-- Data records follows --
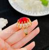 Anel de Ouro Artesanal Esculpido com Textura Estilo Corte Italiano Vintage Antigo Canto Vermelho da Internet Rupee Rubi
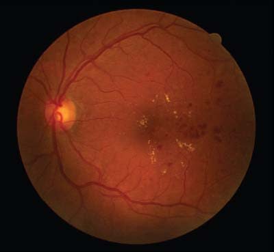 This patient displayed mild to moderate non-proliferative diabetic retinopathy.
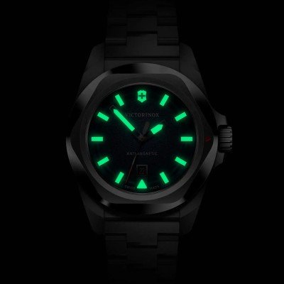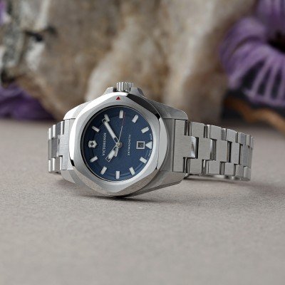 Cette montre Victorinox a un boîtier Inox 32 mm en diamètre et est équipée d'un bracelet Inox. Le boîtier contient un mouvement Ronda et la montre est dotée d'un cristal Saphire..
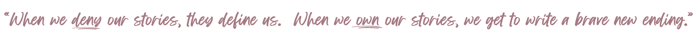 My favorite quote: “When we deny our stories, they define us. When we own our stories, we get to write a brave new ending.” I am SO excited you are here and ready to lock arms with you to help you write that “brave new ending.” Let’s go!
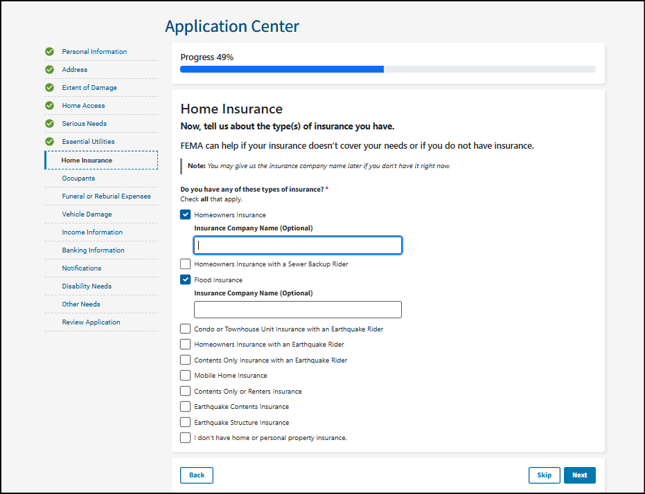 Note: You don't have to file your insurance claim before you apply with FEMA, but we can't provide money for losses already covered by insurance. So if you have insurance that may cover some or all of your losses, file a claim as soon as possible. If you are underinsured (your insurance does not meet all of your needs), FEMA may be able to provide financial assistance.
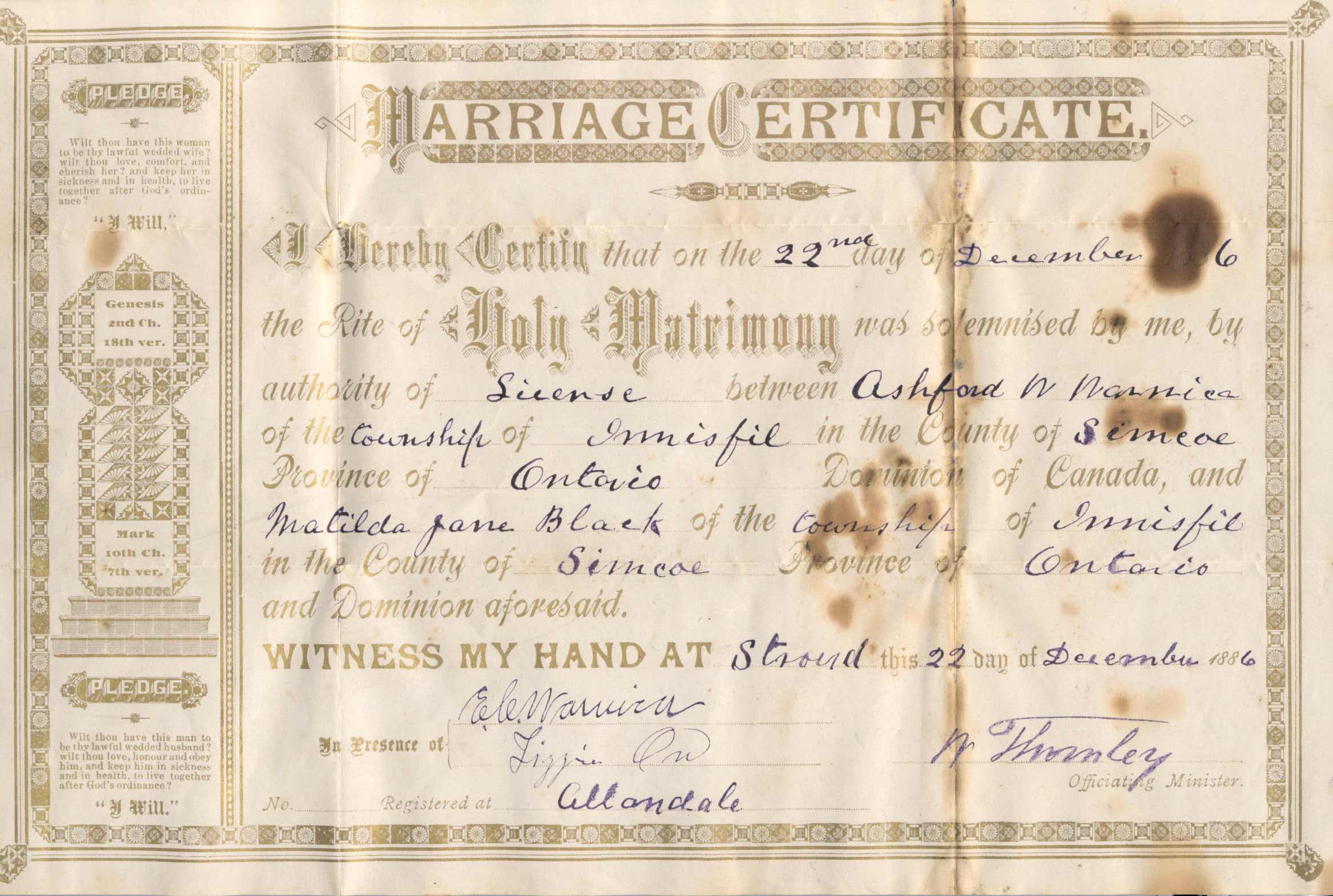 Copy of the marriage certificate of Ashford Wesley Warnica (16 April 1864 - 13 December 1950), son of Samuel Wesley Warnica and Martha Hannah Montgomery to Matilda Jane Black (1866 - 7 January 1893), daughter of William Black and Hester Ann Wilson. The document reads: "I hereby certify that on the 22nd day of December 1886 the Rite of Holy Matrimony was solemnised by me, by authority of License between Ashford W Warnica of the Township of Innisfil in the County of Simcoe Province of Ontario Dominion of Canada, and Matilda Jane Black of the Township of Innisfil in the County of Simcoe Province of Ontario and Dominion aforesaid. Witness my hand at Stroud this 22nd day of December 1886." The document is signed by two witnesses, registered at Allandale, and the officiating minister is W. Thornley.
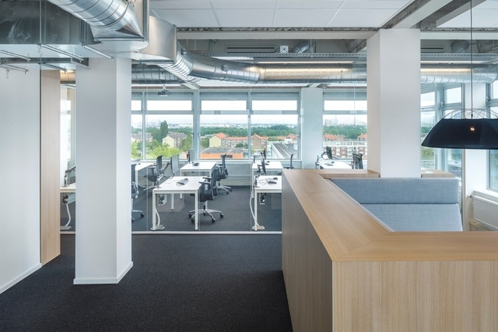 封闭式走廊和独立办公室的传统布局转变为带有隔音天花板的开放式概念。新的室内概念展示了裸露的混凝土结构,优化了刚性战后办公楼的空间品质。#办公楼设计装修#
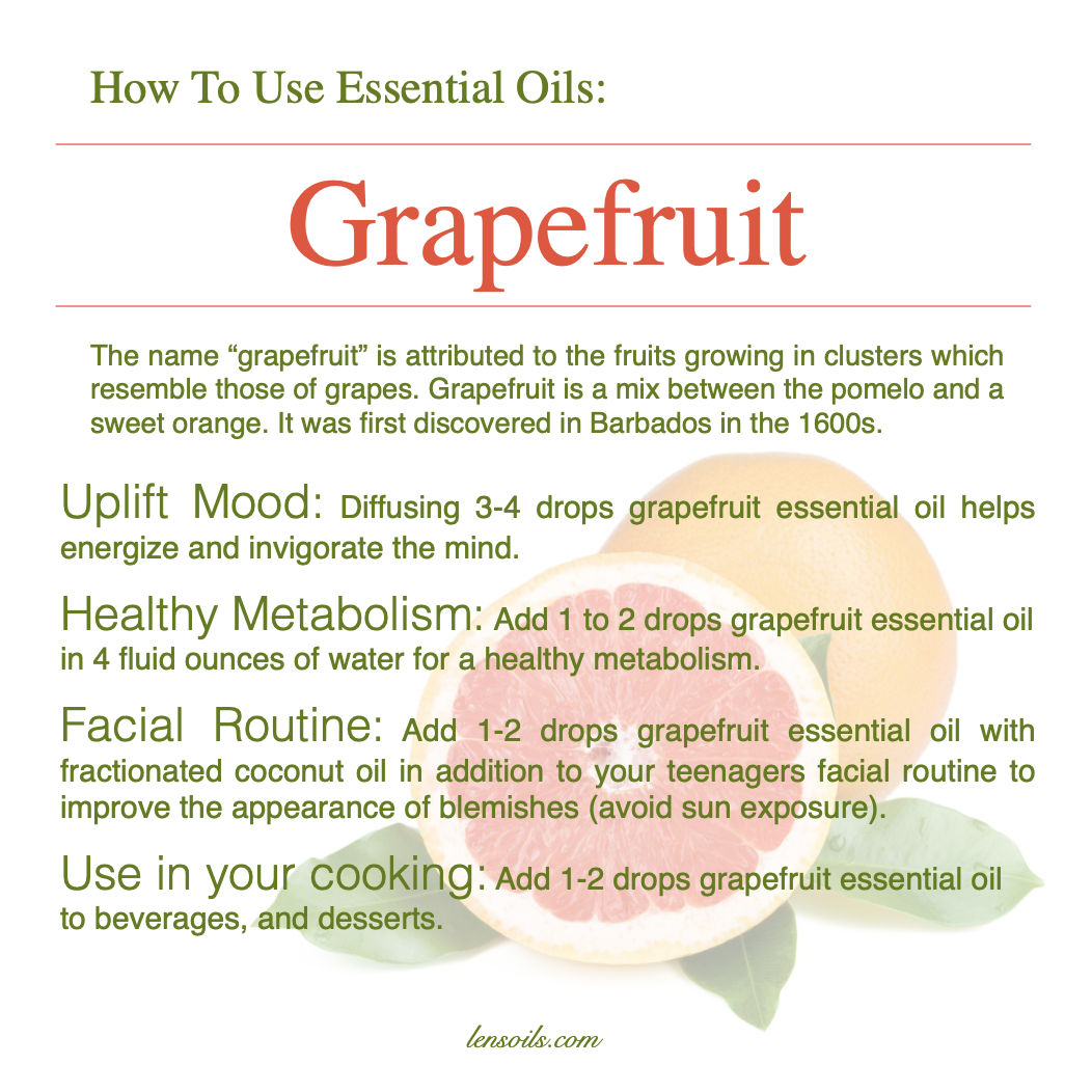 In daily routines, grapefruit essential oil is often used to support a healthy metabolism when a drop or two is added to water. When properly diluted with fractionated coconut oil, it can also be a gentle addition to a facial routine, especially for teenagers looking to improve the appearance of blemishes. Its crisp, tangy flavor makes it a favorite in the kitchen as well, where one or two drops can brighten beverages and desserts. Because grapefruit is photosensitive, topical use should always be followed by avoiding direct sun exposure.
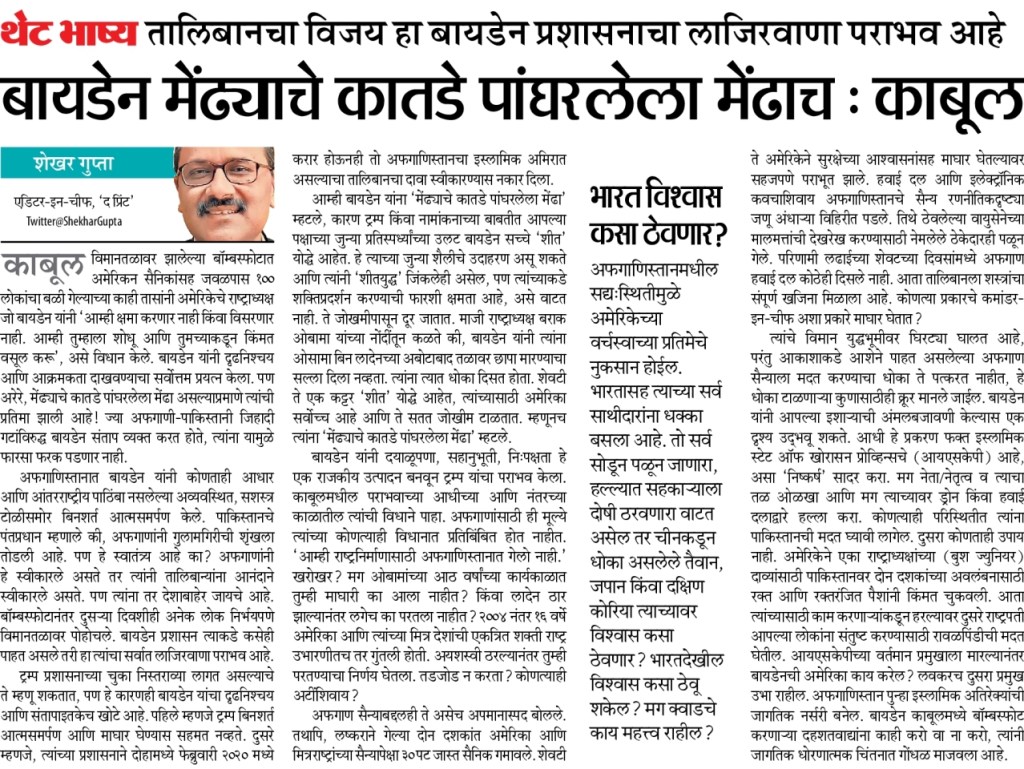 Daily Newspaper Articles 31st August 2021 Posted bythethinkingtreet3August 31, 2021Posted inMarathi Newspapers, newspaperTags:daily newspapers, Divya Marathi, loksatta, marathi newspaper, upsc marathi Share this:Tweet Click to share on WhatsApp (Opens in new window) WhatsApp Click to share on Telegram (Opens in new window) Telegram Click to email a link to a friend (Opens in new window) Email MoreLike Loading... Related Published by thethinkingtreet3 Writing for self enrichment. Brain with knowledge is true empowerment. Nothing is more satisfying than being a student. View more posts
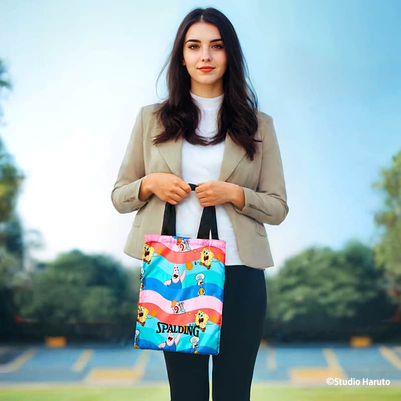 パッカブルトートバッグ スポンジボブ パターン イエロー 50-026SBP A4サイズ 折りたたみ バスケットボールバッグ SpongeBob 24AW 正規品
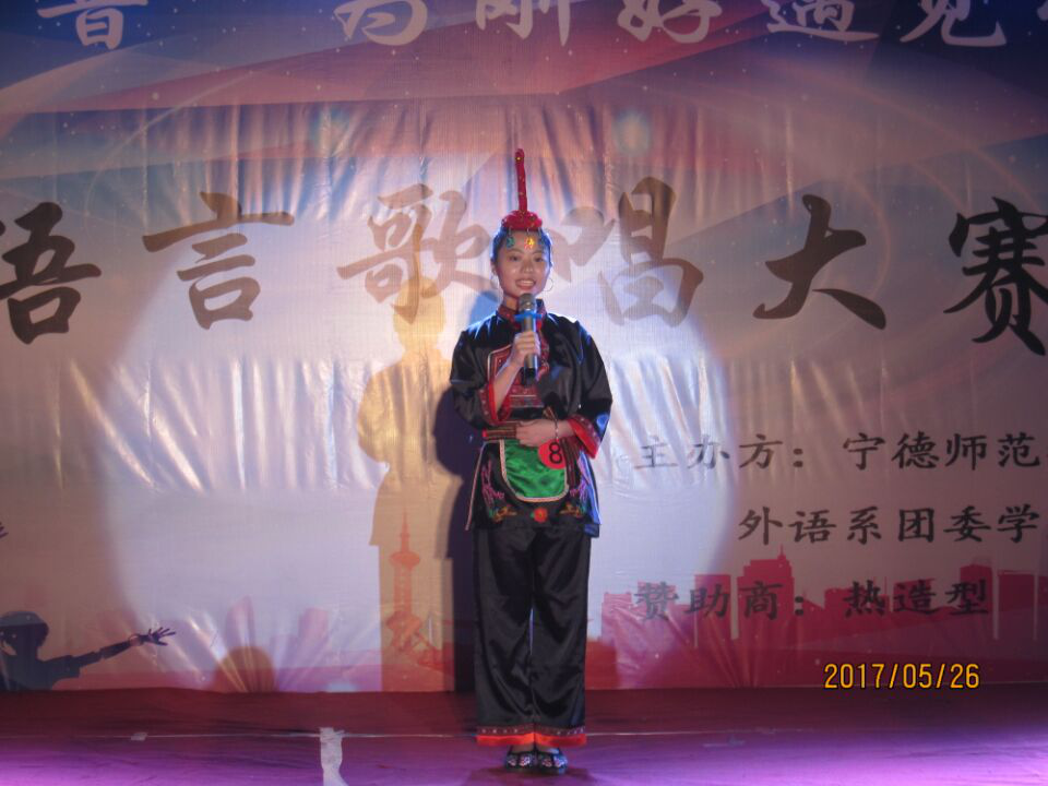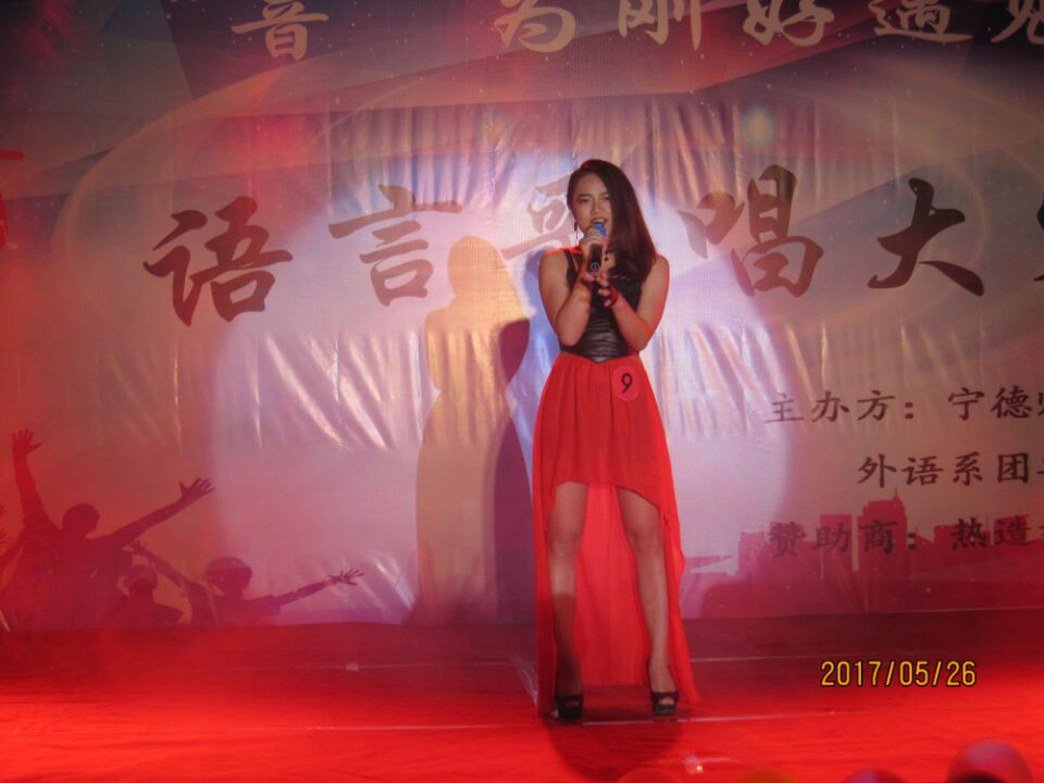 5月26日晚7点,语言歌唱大赛决赛在学生宿舍二号楼前如期举办。语言与文化学院院长龚帆元、副书记龚劲丹、教学秘书陈经纬、辅导员王晓莹、外教Mike和Andy出席了比赛并担任评委,比赛现场吸引了全校各系同学观看。参赛曲目除汉语外还包含了英语、韩语、意大利语、日语、粤语、闽南语等多种语言,其中少数民族语言(畲族)歌曲格外引人注目,在场的观众享受到了一场多语言音乐的盛宴。
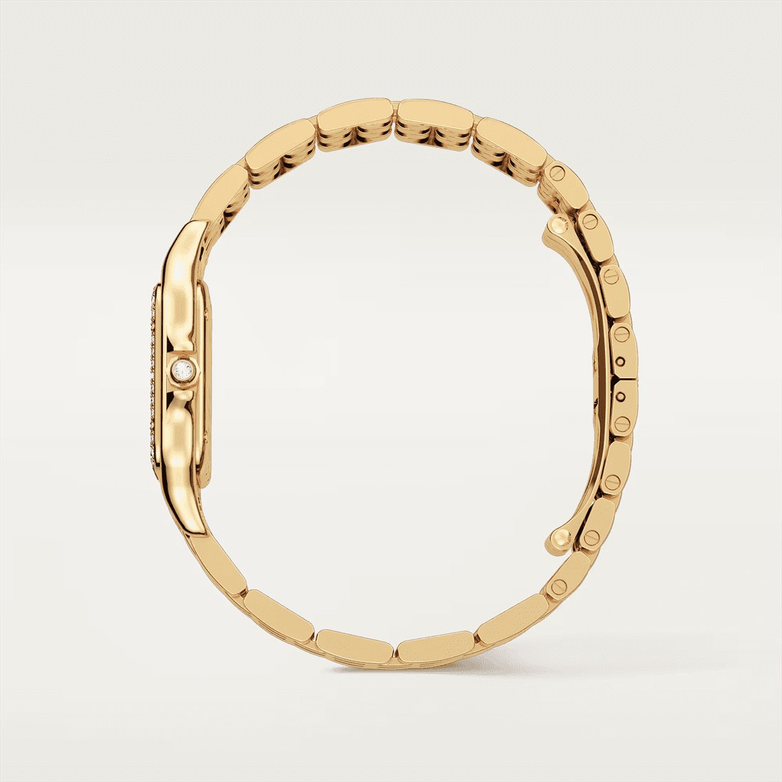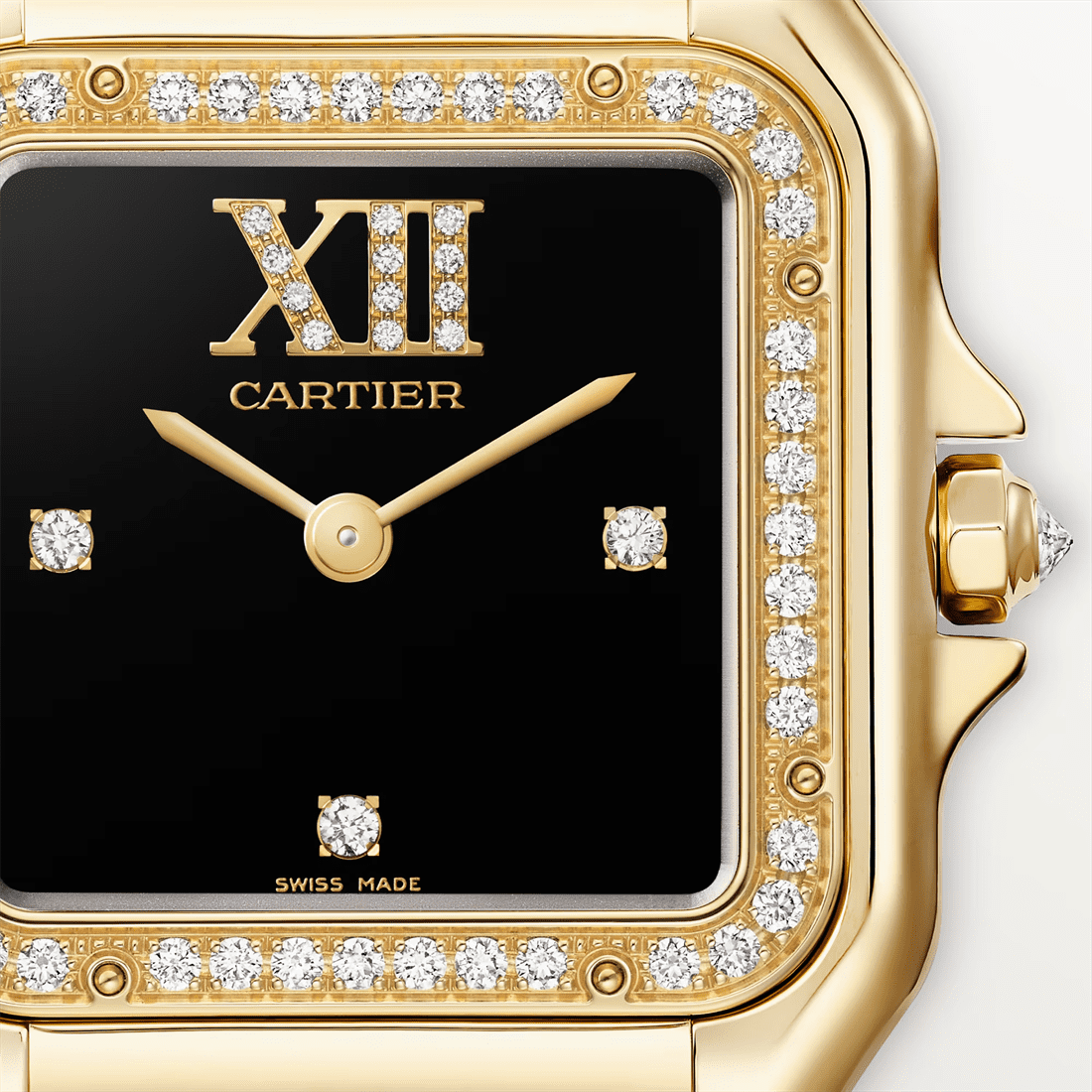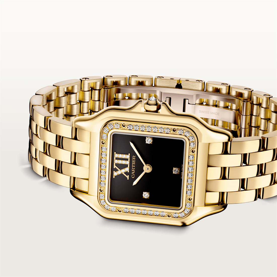 Panth??re de Cartier watch, medium model, quartz movement. 18K yellow gold (750/1000) case set with 44 brilliant-cut diamonds totaling 0.28 carats. Dimensions: 36.5 mm x 26.7 mm, thickness: 6.8 mm. 18K yellow gold (750/1000) octagonal crown set with a brilliant-cut diamond totaling 0.02 carats. Black lacquer dial set with 15 brilliant-cut diamonds totaling 0.03 carats, golden-finish sword-shaped hands. 18K yellow gold (750/1000) bracelet. water-resistant up to 3 bar (approx. 30 meters/100 feet).
-- Data records concluded --
Problem description:
Nothing but the exact text of the records should appear in your answer, with no pictures. Please write it out.

Answer to this task:
 Anel de Ouro Artesanal Esculpido com Textura Estilo Corte Italiano Vintage Antigo Canto Vermelho da Internet Rupee Rubi
 This patient displayed mild to moderate non-proliferative diabetic retinopathy.
 Cette montre Victorinox a un boîtier Inox 32 mm en diamètre et est équipée d'un bracelet Inox. Le boîtier contient un mouvement Ronda et la montre est dotée d'un cristal Saphire..
 My favorite quote: “When we deny our stories, they define us. When we own our stories, we get to write a brave new ending.” I am SO excited you are here and ready to lock arms with you to help you write that “brave new ending.” Let’s go!
 Note: You don't have to file your insurance claim before you apply with FEMA, but we can't provide money for losses already covered by insurance. So if you have insurance that may cover some or all of your losses, file a claim as soon as possible. If you are underinsured (your insurance does not meet all of your needs), FEMA may be able to provide financial assistance.
 Copy of the marriage certificate of Ashford Wesley Warnica (16 April 1864 - 13 December 1950), son of Samuel Wesley Warnica and Martha Hannah Montgomery to Matilda Jane Black (1866 - 7 January 1893), daughter of William Black and Hester Ann Wilson. The document reads: "I hereby certify that on the 22nd day of December 1886 the Rite of Holy Matrimony was solemnised by me, by authority of License between Ashford W Warnica of the Township of Innisfil in the County of Simcoe Province of Ontario Dominion of Canada, and Matilda Jane Black of the Township of Innisfil in the County of Simcoe Province of Ontario and Dominion aforesaid. Witness my hand at Stroud this 22nd day of December 1886." The document is signed by two witnesses, registered at Allandale, and the officiating minister is W. Thornley.
 封闭式走廊和独立办公室的传统布局转变为带有隔音天花板的开放式概念。新的室内概念展示了裸露的混凝土结构,优化了刚性战后办公楼的空间品质。#办公楼设计装修#
 In daily routines, grapefruit essential oil is often used to support a healthy metabolism when a drop or two is added to water. When properly diluted with fractionated coconut oil, it can also be a gentle addition to a facial routine, especially for teenagers looking to improve the appearance of blemishes. Its crisp, tangy flavor makes it a favorite in the kitchen as well, where one or two drops can brighten beverages and desserts. Because grapefruit is photosensitive, topical use should always be followed by avoiding direct sun exposure.
 Daily Newspaper Articles 31st August 2021 Posted bythethinkingtreet3August 31, 2021Posted inMarathi Newspapers, newspaperTags:daily newspapers, Divya Marathi, loksatta, marathi newspaper, upsc marathi Share this:Tweet Click to share on WhatsApp (Opens in new window) WhatsApp Click to share on Telegram (Opens in new window) Telegram Click to email a link to a friend (Opens in new window) Email MoreLike Loading... Related Published by thethinkingtreet3 Writing for self enrichment. Brain with knowledge is true empowerment. Nothing is more satisfying than being a student. View more posts
 パッカブルトートバッグ スポンジボブ パターン イエロー 50-026SBP A4サイズ 折りたたみ バスケットボールバッグ SpongeBob 24AW 正規品
 5月26日晚7点,语言歌唱大赛决赛在学生宿舍二号楼前如期举办。语言与文化学院院长龚帆元、副书记龚劲丹、教学秘书陈经纬、辅导员王晓莹、外教Mike和Andy出席了比赛并担任评委,比赛现场吸引了全校各系同学观看。参赛曲目除汉语外还包含了英语、韩语、意大利语、日语、粤语、闽南语等多种语言,其中少数民族语言(畲族)歌曲格外引人注目,在场的观众享受到了一场多语言音乐的盛宴。
 Panth??re de Cartier watch, medium model, quartz movement. 18K yellow gold (750/1000) case set with 44 brilliant-cut diamonds totaling 0.28 carats. Dimensions: 36.5 mm x 26.7 mm, thickness: 6.8 mm. 18K yellow gold (750/1000) octagonal crown set with a brilliant-cut diamond totaling 0.02 carats. Black lacquer dial set with 15 brilliant-cut diamonds totaling 0.03 carats, golden-finish sword-shaped hands. 18K yellow gold (750/1000) bracelet. water-resistant up to 3 bar (approx. 30 meters/100 feet).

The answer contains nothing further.